==== Recorded information ====

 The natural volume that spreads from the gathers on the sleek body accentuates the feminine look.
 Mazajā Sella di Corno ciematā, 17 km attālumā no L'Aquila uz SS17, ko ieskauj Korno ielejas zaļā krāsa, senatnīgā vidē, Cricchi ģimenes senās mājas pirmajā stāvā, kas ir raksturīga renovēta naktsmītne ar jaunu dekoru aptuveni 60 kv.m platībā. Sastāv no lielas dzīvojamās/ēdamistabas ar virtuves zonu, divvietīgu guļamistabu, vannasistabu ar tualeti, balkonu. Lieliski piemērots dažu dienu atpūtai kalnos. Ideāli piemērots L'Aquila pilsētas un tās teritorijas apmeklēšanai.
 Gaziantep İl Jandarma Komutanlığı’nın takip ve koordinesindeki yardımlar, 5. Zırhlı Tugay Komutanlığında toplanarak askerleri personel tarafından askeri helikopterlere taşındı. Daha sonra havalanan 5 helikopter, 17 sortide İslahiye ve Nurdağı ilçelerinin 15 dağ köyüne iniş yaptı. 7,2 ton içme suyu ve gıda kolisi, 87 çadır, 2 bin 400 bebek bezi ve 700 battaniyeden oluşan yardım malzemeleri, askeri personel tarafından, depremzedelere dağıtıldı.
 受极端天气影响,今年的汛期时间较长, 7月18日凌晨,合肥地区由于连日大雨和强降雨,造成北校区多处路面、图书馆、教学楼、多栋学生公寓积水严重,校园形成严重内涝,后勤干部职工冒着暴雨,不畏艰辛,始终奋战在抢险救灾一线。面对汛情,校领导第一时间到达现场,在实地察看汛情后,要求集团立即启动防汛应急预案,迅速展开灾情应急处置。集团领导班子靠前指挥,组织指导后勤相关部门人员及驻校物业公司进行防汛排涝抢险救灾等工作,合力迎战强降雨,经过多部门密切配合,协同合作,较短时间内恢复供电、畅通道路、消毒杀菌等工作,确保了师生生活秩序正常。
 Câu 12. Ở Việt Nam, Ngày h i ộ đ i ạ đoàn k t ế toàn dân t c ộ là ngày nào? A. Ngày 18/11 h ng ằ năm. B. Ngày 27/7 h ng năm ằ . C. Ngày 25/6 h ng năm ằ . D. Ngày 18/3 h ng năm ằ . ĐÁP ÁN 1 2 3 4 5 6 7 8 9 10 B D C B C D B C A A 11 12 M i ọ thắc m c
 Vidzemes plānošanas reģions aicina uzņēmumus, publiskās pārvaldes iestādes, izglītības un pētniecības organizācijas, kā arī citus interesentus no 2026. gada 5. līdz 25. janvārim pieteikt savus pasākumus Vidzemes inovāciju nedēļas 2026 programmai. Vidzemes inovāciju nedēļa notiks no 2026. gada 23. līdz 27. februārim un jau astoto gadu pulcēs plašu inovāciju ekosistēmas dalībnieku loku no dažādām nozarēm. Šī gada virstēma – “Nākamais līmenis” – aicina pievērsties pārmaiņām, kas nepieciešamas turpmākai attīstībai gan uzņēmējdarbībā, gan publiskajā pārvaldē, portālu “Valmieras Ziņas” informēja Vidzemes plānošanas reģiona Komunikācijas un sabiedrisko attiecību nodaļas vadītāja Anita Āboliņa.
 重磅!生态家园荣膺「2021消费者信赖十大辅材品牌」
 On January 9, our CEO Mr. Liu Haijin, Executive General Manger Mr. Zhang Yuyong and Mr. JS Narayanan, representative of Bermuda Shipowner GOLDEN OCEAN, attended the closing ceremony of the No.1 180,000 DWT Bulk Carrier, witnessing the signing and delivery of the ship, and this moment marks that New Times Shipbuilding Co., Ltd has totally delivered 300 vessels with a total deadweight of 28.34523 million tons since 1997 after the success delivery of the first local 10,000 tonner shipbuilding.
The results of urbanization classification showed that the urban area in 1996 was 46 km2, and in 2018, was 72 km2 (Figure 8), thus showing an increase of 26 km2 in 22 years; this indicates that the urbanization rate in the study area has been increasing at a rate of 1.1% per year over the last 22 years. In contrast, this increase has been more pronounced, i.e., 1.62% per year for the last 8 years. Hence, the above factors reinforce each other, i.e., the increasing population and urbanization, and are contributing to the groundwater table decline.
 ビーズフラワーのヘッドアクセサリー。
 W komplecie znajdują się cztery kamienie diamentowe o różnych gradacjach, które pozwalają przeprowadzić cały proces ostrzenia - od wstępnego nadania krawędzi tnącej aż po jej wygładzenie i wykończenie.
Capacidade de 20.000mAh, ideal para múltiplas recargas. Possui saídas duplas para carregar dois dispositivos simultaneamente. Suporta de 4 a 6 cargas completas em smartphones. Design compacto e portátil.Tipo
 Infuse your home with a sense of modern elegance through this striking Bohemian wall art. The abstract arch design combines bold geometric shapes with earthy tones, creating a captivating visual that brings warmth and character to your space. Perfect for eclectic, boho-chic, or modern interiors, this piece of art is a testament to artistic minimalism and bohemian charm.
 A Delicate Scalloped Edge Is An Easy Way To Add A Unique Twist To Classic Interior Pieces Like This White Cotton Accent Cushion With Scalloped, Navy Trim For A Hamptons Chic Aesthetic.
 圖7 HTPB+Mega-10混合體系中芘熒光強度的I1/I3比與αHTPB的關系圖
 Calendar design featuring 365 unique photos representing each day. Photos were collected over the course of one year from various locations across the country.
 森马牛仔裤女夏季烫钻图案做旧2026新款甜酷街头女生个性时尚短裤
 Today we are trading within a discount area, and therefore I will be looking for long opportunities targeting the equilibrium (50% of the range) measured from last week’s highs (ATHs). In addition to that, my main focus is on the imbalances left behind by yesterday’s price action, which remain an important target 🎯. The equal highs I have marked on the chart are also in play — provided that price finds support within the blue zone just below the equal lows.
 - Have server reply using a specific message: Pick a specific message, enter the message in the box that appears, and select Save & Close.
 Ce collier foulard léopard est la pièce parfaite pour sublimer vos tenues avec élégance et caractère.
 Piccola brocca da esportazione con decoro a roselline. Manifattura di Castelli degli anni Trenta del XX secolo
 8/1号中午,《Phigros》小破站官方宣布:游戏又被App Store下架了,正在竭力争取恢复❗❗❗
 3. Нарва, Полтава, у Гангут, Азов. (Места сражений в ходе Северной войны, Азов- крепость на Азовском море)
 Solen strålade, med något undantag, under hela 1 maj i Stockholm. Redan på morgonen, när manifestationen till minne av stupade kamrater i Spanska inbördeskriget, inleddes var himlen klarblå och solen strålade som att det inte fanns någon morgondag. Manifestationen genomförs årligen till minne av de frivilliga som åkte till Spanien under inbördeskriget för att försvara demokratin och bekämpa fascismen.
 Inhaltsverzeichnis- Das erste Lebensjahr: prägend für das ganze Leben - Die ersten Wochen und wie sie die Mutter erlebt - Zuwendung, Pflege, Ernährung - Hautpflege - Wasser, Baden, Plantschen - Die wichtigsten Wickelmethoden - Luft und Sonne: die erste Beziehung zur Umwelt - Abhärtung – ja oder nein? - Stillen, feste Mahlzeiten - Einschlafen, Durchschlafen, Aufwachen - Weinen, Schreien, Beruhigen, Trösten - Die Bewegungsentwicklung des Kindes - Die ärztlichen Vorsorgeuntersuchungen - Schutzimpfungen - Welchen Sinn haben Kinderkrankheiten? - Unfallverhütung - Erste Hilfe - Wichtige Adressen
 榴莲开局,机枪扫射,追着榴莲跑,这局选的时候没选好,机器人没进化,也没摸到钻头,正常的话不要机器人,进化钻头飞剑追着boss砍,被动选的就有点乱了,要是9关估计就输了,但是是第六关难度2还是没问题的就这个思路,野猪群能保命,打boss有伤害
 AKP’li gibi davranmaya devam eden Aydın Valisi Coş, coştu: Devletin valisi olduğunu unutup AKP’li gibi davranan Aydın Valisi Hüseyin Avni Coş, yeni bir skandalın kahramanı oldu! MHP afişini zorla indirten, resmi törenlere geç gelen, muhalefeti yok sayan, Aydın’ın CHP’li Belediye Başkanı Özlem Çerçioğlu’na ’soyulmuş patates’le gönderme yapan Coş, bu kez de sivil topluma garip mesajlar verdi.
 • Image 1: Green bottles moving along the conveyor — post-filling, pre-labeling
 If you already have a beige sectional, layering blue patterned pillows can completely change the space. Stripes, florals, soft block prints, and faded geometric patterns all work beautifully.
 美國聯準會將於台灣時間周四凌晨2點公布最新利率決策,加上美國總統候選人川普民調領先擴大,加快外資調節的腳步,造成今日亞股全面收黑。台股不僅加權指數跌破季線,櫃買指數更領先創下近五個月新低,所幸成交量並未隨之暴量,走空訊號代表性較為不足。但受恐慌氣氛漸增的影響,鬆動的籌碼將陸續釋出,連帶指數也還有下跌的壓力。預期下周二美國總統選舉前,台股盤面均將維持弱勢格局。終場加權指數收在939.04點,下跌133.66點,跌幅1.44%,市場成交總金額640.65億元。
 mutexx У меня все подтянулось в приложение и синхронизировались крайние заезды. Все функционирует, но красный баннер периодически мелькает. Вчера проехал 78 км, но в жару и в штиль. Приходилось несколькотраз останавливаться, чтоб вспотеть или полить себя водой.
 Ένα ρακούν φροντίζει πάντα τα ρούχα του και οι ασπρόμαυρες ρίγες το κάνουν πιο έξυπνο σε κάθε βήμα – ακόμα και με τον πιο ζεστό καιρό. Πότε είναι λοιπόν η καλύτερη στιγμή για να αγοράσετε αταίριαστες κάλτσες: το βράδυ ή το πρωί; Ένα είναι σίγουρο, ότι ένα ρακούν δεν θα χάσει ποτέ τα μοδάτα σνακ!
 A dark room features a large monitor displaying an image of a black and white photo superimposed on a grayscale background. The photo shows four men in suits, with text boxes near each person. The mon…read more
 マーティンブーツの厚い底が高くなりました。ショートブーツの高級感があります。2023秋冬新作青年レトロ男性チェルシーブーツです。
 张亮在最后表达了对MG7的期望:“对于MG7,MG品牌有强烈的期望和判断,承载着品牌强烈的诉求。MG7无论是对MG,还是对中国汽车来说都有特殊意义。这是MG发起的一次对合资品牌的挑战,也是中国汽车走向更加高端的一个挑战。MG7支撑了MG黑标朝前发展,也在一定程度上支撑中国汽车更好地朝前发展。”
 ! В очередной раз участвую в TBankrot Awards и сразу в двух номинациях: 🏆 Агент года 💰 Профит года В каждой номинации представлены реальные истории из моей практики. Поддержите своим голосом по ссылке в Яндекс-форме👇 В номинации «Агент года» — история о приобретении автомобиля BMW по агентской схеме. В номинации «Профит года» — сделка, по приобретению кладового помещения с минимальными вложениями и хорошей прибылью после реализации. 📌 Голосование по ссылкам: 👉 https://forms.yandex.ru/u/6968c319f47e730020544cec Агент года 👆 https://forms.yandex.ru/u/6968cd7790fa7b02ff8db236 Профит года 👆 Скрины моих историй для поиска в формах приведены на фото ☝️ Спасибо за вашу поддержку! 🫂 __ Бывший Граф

====

> **Your objective**
What lines in the entries contain "over"? Report each one by copying it.

> **Answer to this task**
The results of urbanization classification showed that the urban area in 1996 was 46 km2, and in 2018, was 72 km2 (Figure 8), thus showing an increase of 26 km2 in 22 years; this indicates that the urbanization rate in the study area has been increasing at a rate of 1.1% per year over the last 22 years. In contrast, this increase has been more pronounced, i.e., 1.62% per year for the last 8 years. Hence, the above factors reinforce each other, i.e., the increasing population and urbanization, and are contributing to the groundwater table decline.
 Calendar design featuring 365 unique photos representing each day. Photos were collected over the course of one year from various locations across the country.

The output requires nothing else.